Top of Dataset records

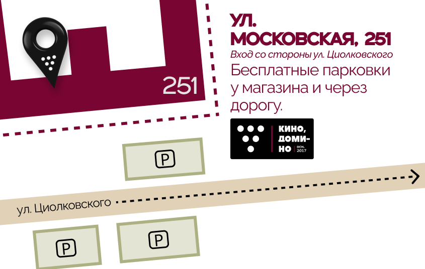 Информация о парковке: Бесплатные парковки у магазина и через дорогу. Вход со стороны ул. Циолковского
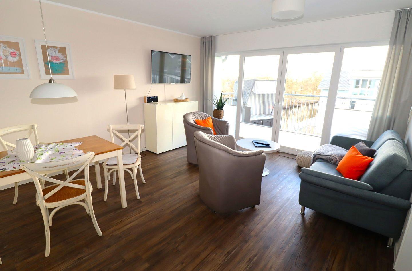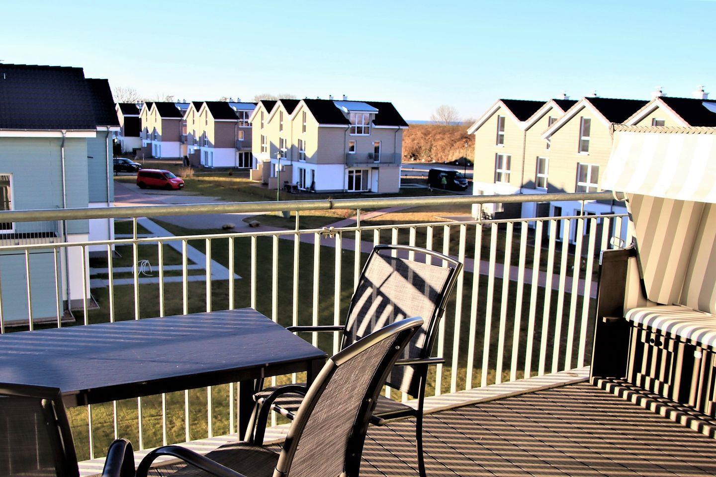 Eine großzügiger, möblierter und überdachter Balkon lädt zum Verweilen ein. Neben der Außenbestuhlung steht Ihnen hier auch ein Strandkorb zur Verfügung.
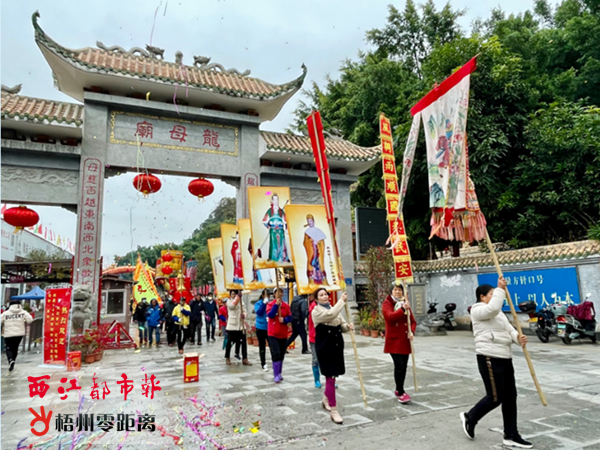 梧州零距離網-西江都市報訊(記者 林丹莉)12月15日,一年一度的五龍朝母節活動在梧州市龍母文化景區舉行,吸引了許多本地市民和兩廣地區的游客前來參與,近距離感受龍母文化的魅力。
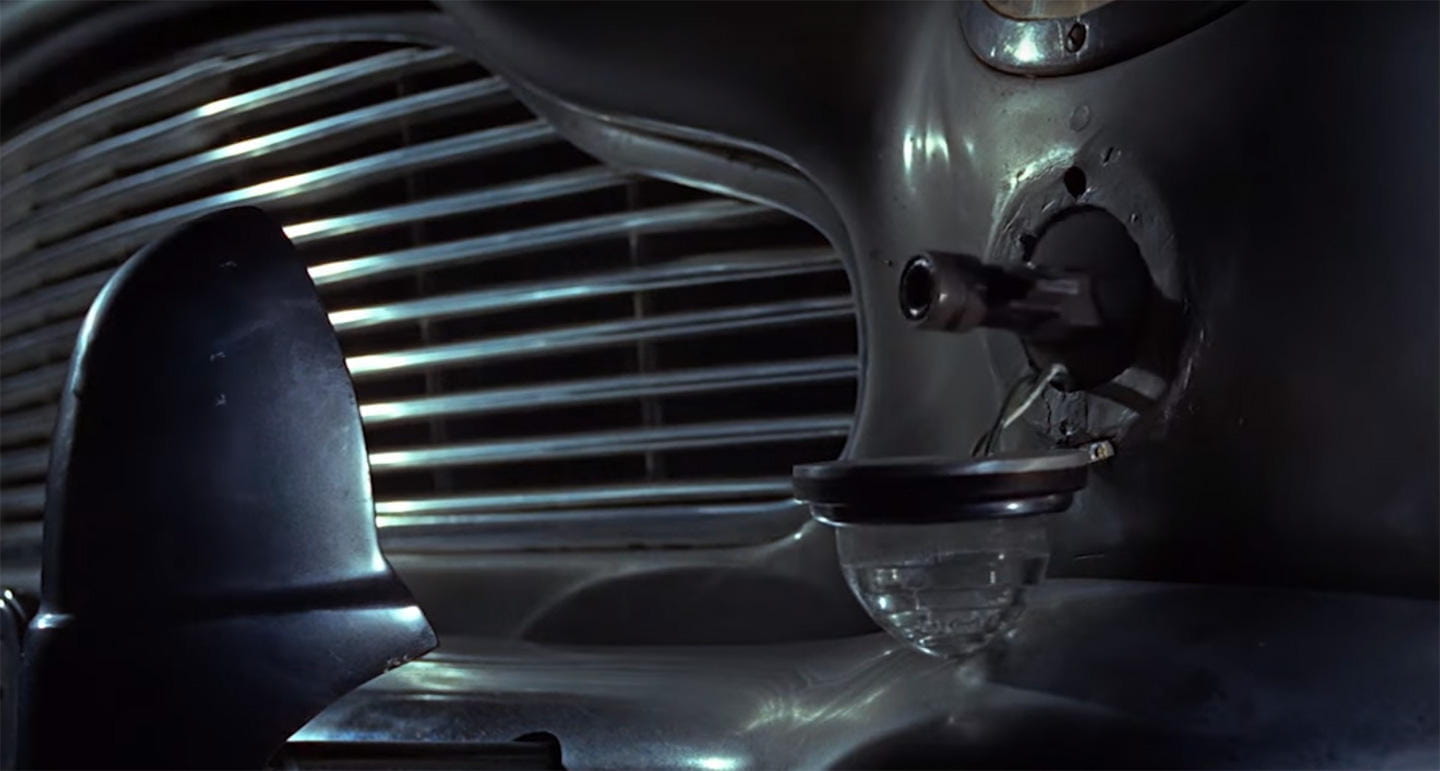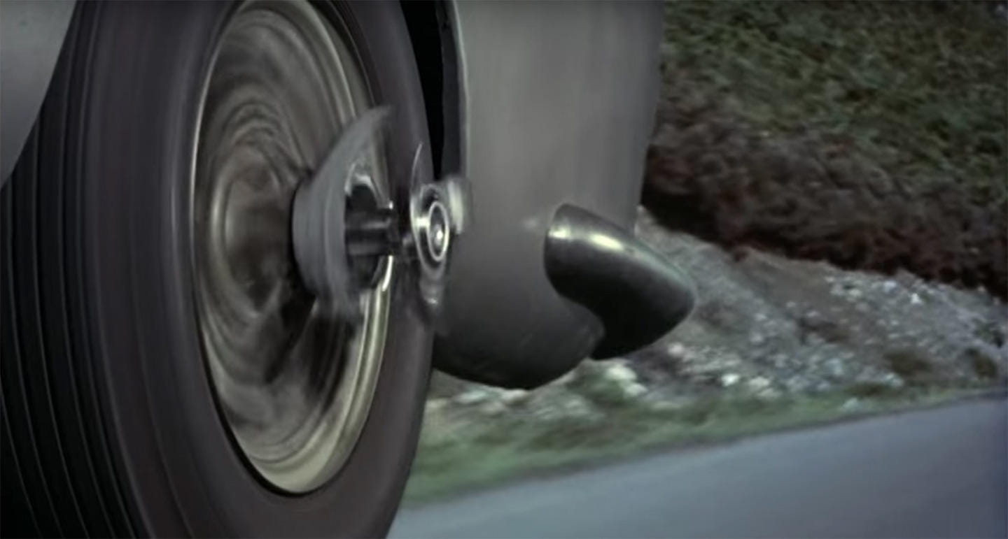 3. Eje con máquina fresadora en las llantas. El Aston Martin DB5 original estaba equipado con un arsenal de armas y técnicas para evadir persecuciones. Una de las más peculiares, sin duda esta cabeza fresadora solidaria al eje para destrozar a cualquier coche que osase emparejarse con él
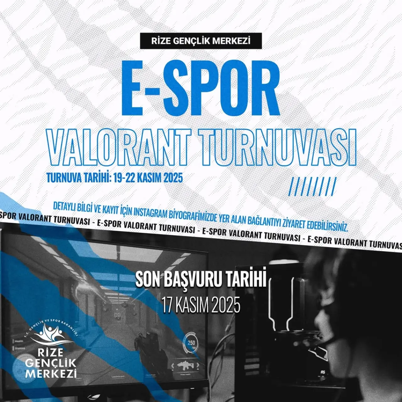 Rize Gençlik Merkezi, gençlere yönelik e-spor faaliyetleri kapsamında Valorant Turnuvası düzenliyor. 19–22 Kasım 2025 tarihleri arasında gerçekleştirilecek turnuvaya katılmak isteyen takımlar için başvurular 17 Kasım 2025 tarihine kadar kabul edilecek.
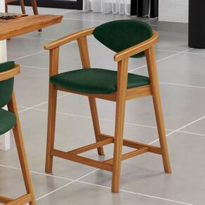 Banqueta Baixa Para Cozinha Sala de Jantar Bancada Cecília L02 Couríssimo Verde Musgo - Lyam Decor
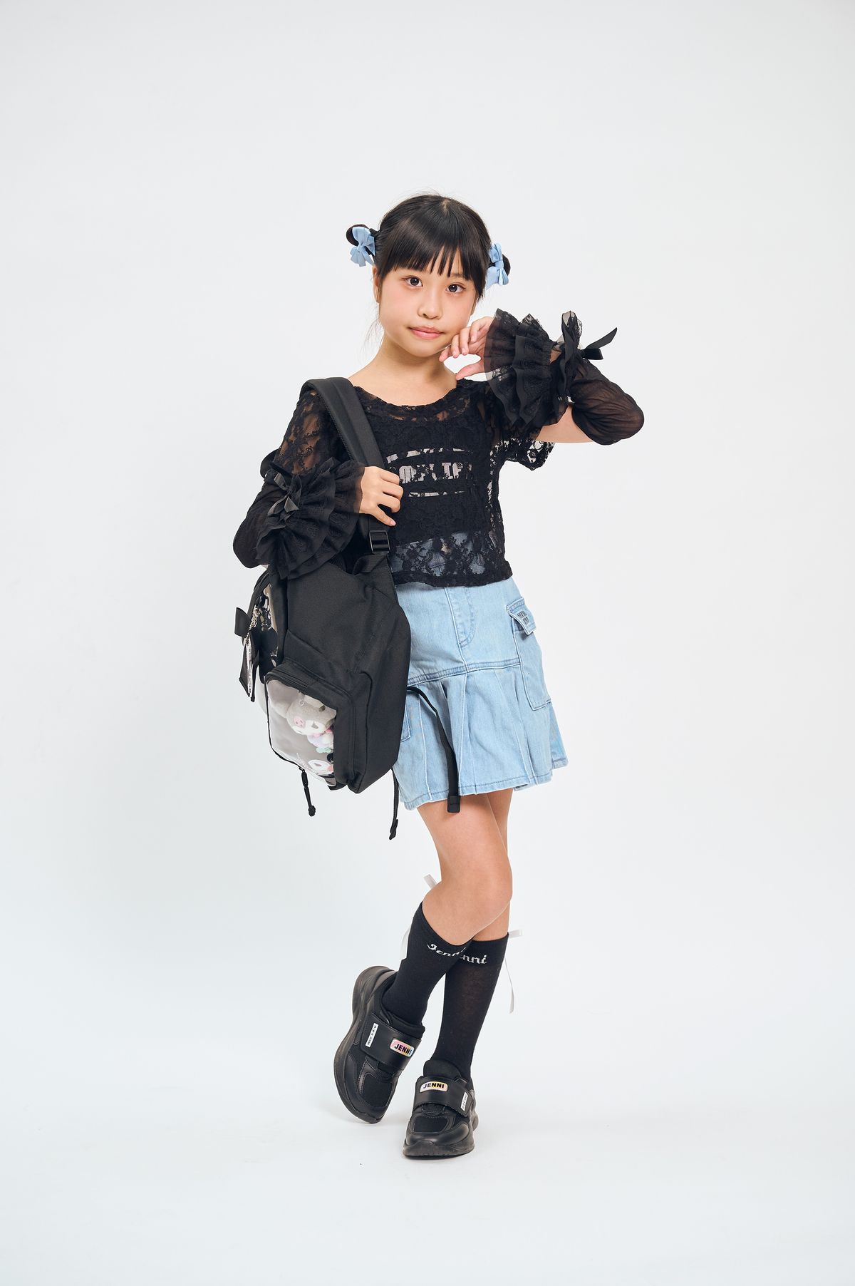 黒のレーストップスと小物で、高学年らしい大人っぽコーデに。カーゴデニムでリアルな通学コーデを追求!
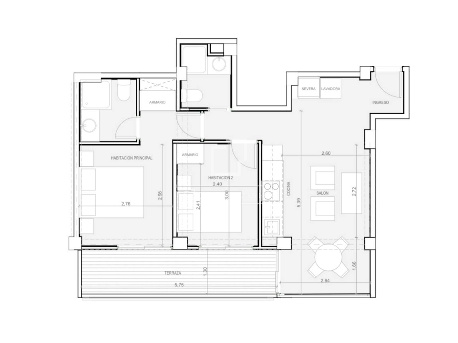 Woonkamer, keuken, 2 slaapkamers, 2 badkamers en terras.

Bottom of Dataset records

• [Task details] Without the images, write out each line of the data verbatim.

• [Expected answer]
 Информация о парковке: Бесплатные парковки у магазина и через дорогу. Вход со стороны ул. Циолковского
 Eine großzügiger, möblierter und überdachter Balkon lädt zum Verweilen ein. Neben der Außenbestuhlung steht Ihnen hier auch ein Strandkorb zur Verfügung.
 梧州零距離網-西江都市報訊(記者 林丹莉)12月15日,一年一度的五龍朝母節活動在梧州市龍母文化景區舉行,吸引了許多本地市民和兩廣地區的游客前來參與,近距離感受龍母文化的魅力。
 3. Eje con máquina fresadora en las llantas. El Aston Martin DB5 original estaba equipado con un arsenal de armas y técnicas para evadir persecuciones. Una de las más peculiares, sin duda esta cabeza fresadora solidaria al eje para destrozar a cualquier coche que osase emparejarse con él
 Rize Gençlik Merkezi, gençlere yönelik e-spor faaliyetleri kapsamında Valorant Turnuvası düzenliyor. 19–22 Kasım 2025 tarihleri arasında gerçekleştirilecek turnuvaya katılmak isteyen takımlar için başvurular 17 Kasım 2025 tarihine kadar kabul edilecek.
 Banqueta Baixa Para Cozinha Sala de Jantar Bancada Cecília L02 Couríssimo Verde Musgo - Lyam Decor
 黒のレーストップスと小物で、高学年らしい大人っぽコーデに。カーゴデニムでリアルな通学コーデを追求!
 Woonkamer, keuken, 2 slaapkamers, 2 badkamers en terras.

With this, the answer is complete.